Short Story: "What Happened?" | flash fiction | creative writing | writing prompt | blogging | RachelPoli.com

“What happened? I thought you said you didn’t mind doing it.” Max asked. He cradled his cell phone in between his right ear and shoulder as he continued writing something down on a clipboard that was hanging up on the wall.

“I don’t mind doing it,” Kiara replied through the phone. “I just forgot that it was today.”

Max sighed. He dropped the pencil letting it bungee downward, the string it was tied to saving it from falling to the ground. Max took the phone back into his hand and turned around leaning his back against the wall. “How could you forget that it’s today?”

“I don’t know,”

“You know, I’m beginning to wonder if you agreed to help me out because you felt bad saying no. Now you’re trying to think of excuses to get out of it.” Max looked to his left seeing a couple of teenagers trying to put together some of the backdrop on the stage. It was obvious they were struggling.

“No, that’s not what it is at all.” Kiara said becoming slightly annoyed.

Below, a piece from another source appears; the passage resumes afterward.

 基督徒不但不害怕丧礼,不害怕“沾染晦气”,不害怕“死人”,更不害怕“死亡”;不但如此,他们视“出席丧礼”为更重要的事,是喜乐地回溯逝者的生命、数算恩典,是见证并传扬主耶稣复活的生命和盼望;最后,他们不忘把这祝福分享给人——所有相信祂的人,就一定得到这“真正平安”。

Max leaned over to see if anyone else could help the kids since he was busy with Kiara. Sure enough, one of the teachers was standing by watching the kids struggle.

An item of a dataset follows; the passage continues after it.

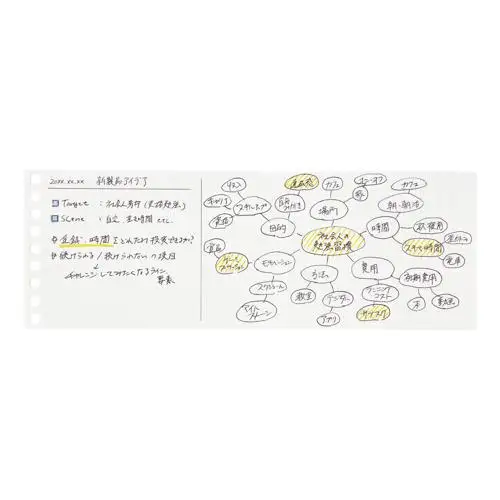 Fogli sciolti in formato Mini Wide che si aprono come una fisarmonica: chiusi sono compatti e facili da trasportare, aperti diventano il doppio più larghi (247 mm) offrendo ampio spazio di scrittura. Progettati per chi cerca la massima flessibilità, possono essere utilizzati sia con i binder dedicati Mini di Maruman, sia inseriti in raccoglitori standard da 9 fori come note aggiuntive.

“It’s not that I didn’t want to do it, I just honestly forgot. You know, my life has been pretty busy too. You wouldn’t know that though because you’ve been spending all your time at the theater and talking about the show rather than asking me how my day went.” Kiara continued.

Max snapped his fingers a couple of times trying to get the other teacher’s attention but it didn’t seem to be working. The teacher was leaning against the podium off the stage watching the teenagers argue with one another about the backdrop.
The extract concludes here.